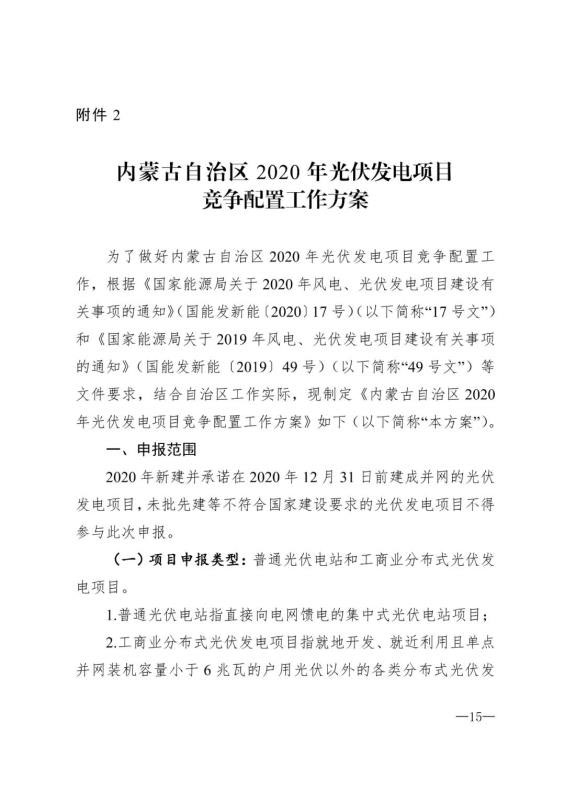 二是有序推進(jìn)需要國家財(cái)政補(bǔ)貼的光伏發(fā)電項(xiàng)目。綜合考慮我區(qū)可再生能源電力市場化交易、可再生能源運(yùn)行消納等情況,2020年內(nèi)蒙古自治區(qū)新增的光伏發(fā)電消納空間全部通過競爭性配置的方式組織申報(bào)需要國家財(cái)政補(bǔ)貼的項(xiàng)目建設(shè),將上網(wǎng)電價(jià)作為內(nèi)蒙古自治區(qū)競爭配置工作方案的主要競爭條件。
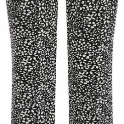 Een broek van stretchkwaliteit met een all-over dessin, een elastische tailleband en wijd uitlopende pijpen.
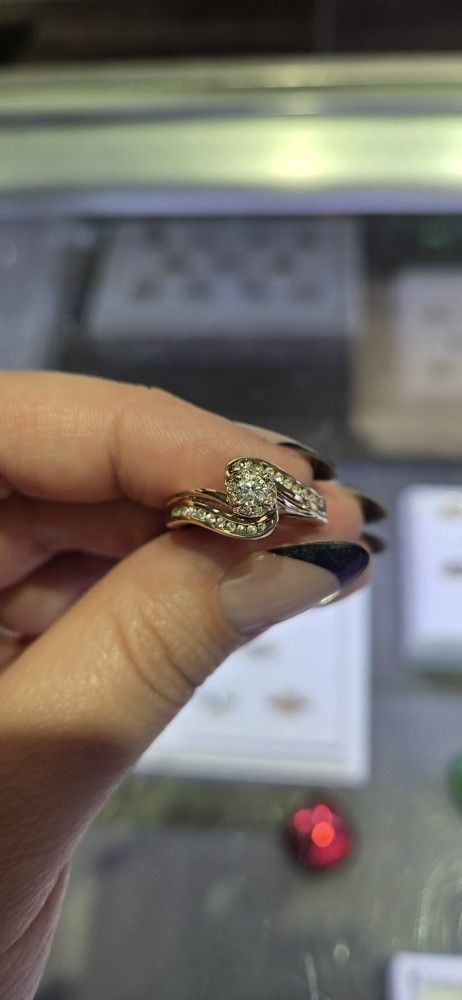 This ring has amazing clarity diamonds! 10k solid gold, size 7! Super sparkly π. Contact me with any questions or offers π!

[Task brief]:
Set down all the lines above exactly as they appear, with no pictures.

[Output of the exercise]:
 二是有序推進(jìn)需要國家財(cái)政補(bǔ)貼的光伏發(fā)電項(xiàng)目。綜合考慮我區(qū)可再生能源電力市場化交易、可再生能源運(yùn)行消納等情況,2020年內(nèi)蒙古自治區(qū)新增的光伏發(fā)電消納空間全部通過競爭性配置的方式組織申報(bào)需要國家財(cái)政補(bǔ)貼的項(xiàng)目建設(shè),將上網(wǎng)電價(jià)作為內(nèi)蒙古自治區(qū)競爭配置工作方案的主要競爭條件。
 Een broek van stretchkwaliteit met een all-over dessin, een elastische tailleband en wijd uitlopende pijpen.
 This ring has amazing clarity diamonds! 10k solid gold, size 7! Super sparkly π. Contact me with any questions or offers π!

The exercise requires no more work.